Re: [PATCH v3] md: fix duplicate filename for rdev

From: Yu Kuai
Date: Tue May 23 2023 - 21:33:19 EST


Hi,

在 2023/05/24 2:05, Song Liu 写道:
On Mon, May 22, 2023 at 6:30 PM Yu Kuai <yukuai1@xxxxxxxxxxxxxxx> wrote:

From: Yu Kuai <yukuai3@xxxxxxxxxx>

Commit 5792a2856a63 ("[PATCH] md: avoid a deadlock when removing a device
from an md array via sysfs") delays the deletion of rdev, however, this
introduces a window that rdev can be added again while the deletion is
not done yet, and sysfs will complain about duplicate filename.

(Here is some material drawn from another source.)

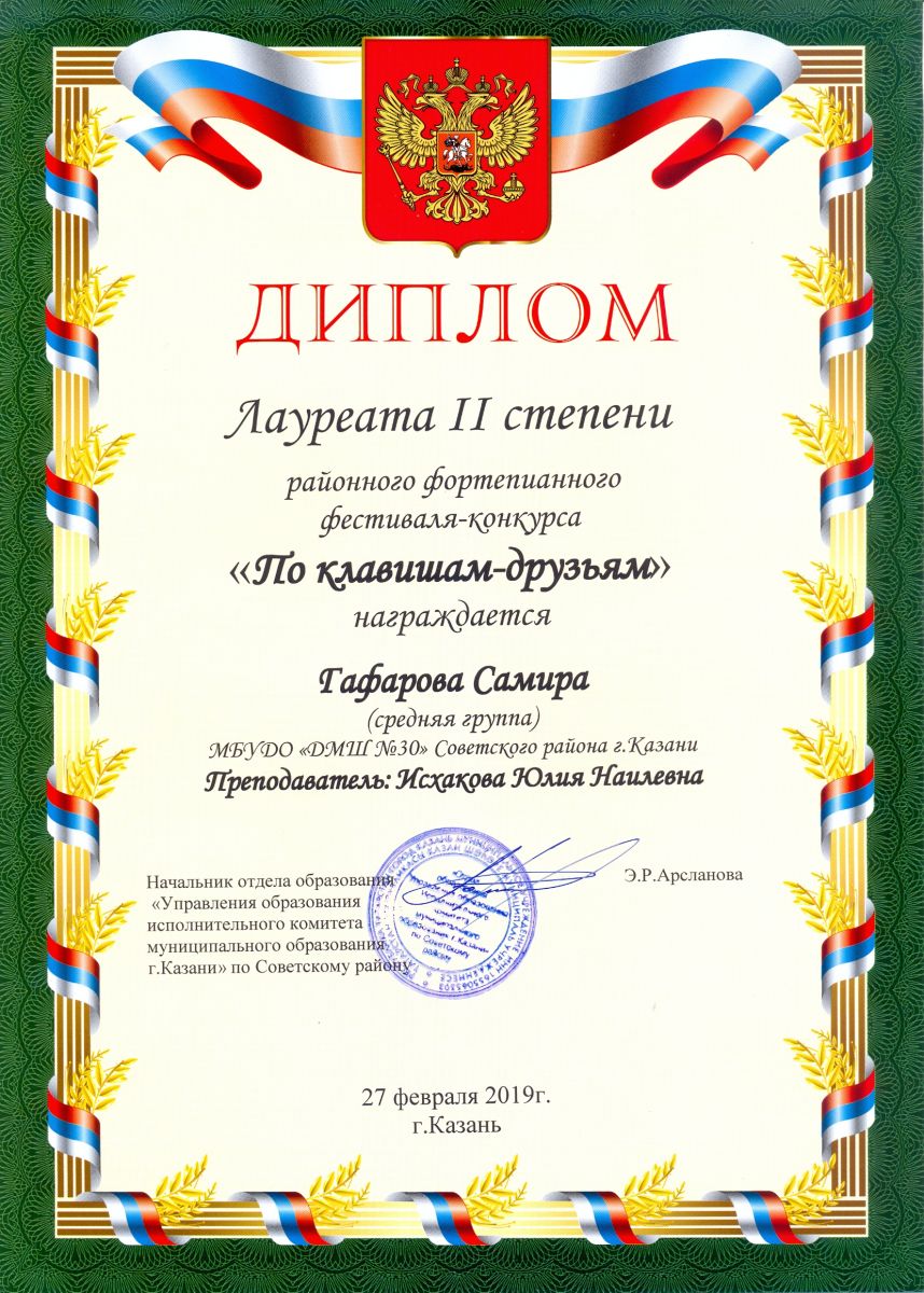 Районный фортеианный фестиваль-конкрус "По клавишам-друзьям" - Гафарова Самира - II место

Follow up patches try to fix this problem by flushing workqueue, however,
flush_rdev_wq() is just dead code, the progress in
md_kick_rdev_from_array():

1) list_del_rcu(&rdev->same_set);
2) synchronize_rcu();
3) queue_work(md_rdev_misc_wq, &rdev->del_work);

So in flush_rdev_wq(), if rdev is found in the list, work_pending() can
never pass, in the meantime, if work is queued, then rdev can never be
found in the list.

flush_rdev_wq() can be replaced by flush_workqueue() directly, however,
this approach is not good:
- the workqueue is global, this synchronization for all raid disks is
not necessary.
- flush_workqueue can't be called under 'reconfig_mutex', there is still
a small window between flush_workqueue() and mddev_lock() that other
contexts can queue new work, hence the problem is not solved completely.

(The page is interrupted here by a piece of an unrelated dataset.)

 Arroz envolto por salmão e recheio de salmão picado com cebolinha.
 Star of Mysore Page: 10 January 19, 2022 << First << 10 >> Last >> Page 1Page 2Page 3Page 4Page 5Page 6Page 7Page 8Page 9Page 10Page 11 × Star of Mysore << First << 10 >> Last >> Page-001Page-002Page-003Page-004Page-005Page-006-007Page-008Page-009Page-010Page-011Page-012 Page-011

sysfs already has apis to support delete itself through writer, and
these apis, specifically sysfs_break/unbreak_active_protection(), is used
to support deleting rdev synchronously. Therefore, the above commit can be
reverted, and sysfs duplicate filename can be avoided.

A new mdadm regression test is proposed as well([1]).

[1] https://lore.kernel.org/linux-raid/20230428062845.1975462-1-yukuai1@xxxxxxxxxxxxxxx/
Fixes: 5792a2856a63 ("[PATCH] md: avoid a deadlock when removing a device from an md array via sysfs")
Signed-off-by: Yu Kuai <yukuai3@xxxxxxxxxx>

Thanks for the fix! I made the following changes and applied it
to md-next:

1. remove md_rdev->del_work, which is not used any more;
2. change list_empty_safe to list_empty protected by the mutex, as
list_empty_safe doesn't seem safe here.
Yes, this make sense, we must make sure caller won't see stale rdev
through sysfs:

t1: remove rdev t2:
mutex_lock(reconfig_mutex)
list_add
mutex_unlock(reconfig_mutex)
mutex_lock(reconfig_mutex)
mutex_unlock(reconfig_mutex)
mutex_lock(delete_mutex)
list_del_init
list_empty_careful
-> list is empty now, return, caller will think rdev is removed,
however, since export_rdev is not called yet, adding this rdev again
will fail.
kobject_del

hold mutex is safe, and I think performance should be ok because remove
rdev is not hot path. If we don't want to hold a new mutex in hot path,
perhaps list_empty_careful can work with following changes, remove rdev
from the list after sysfs entries is removed:

diff --git a/drivers/md/md.c b/drivers/md/md.c
index 296885798a2b..84dce5822f91 100644
--- a/drivers/md/md.c
+++ b/drivers/md/md.c
@@ -758,8 +758,8 @@ static void md_free_rdev(struct mddev *mddev)

mutex_lock(&mddev->delete_mutex);
list_for_each_entry_safe(rdev, tmp, &mddev->deleting, same_set) {
- list_del_init(&rdev->same_set);
kobject_del(&rdev->kobj);
+ list_del_init(&rdev->same_set);
export_rdev(rdev);
}
mutex_unlock(&mddev->delete_mutex);


Please let me know if either change doesn't make sense.

Thanks,
Song
.